DVD Review: Nicolas Roeg’s Track 29 on Image Entertainment

Image's barren single-disc of this cheeky fairy tale is essential for Roeg-ians, but an optional curiosity for most.

Track 29Whereas the alien in The Man Who Fell to Earth first emerged from a dry riverbed, the mysterious, young British kid (Gary Oldman) in Track 29 appears with a smash cut timed to the opening lamentations of John Lennon’s “Mother.” After a few rides, he descends into the unhappy routine of childless trophy wife Linda Henry (Theresa Russell), who may or may not be his mother. It’s somehow all too much and not enough, as the first half of Nicolas Roeg’s film feels uncomfortable and pushy and weird. Although Oldman and Russell were born almost exactly a year apart (shades of Cary Grant and Jessie Royce Landis in North by Northwest), costume, makeup, and suggestive editing (and sound cues) go a long way toward convincing us of the unspeakable.

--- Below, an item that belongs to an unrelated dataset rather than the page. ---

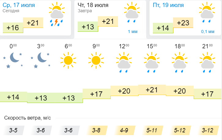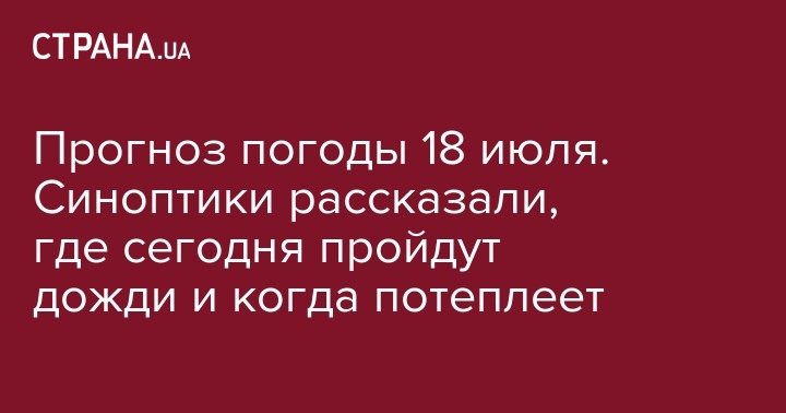 В четверг, 18 июля, погода приготовила украинцам пасмурное небо с дождями в шести городах - Киеве, Чернигове, Сумах, Житомире, Ровно и Луцке. В остальных регионах осадков не ожидается. "Страна" собрала информацию о сегодняшней погоде по данным трех ведущих сайтов о погоде: Укргидрометцентра, Gismeteo и Sinoptik.

At around the halfway mark, while the images go off the rails, so to speak (toy trains are the sole obsession of Linda’s husband, Henry Henry, played by Christopher Lloyd, so train puns will be inescapable after you see the film), the narrative becomes distressingly prosaic, pursuing the kind of this-is-actually-that style of dumpster Freud-play that would have seemed novel just after the advent of the talking picture.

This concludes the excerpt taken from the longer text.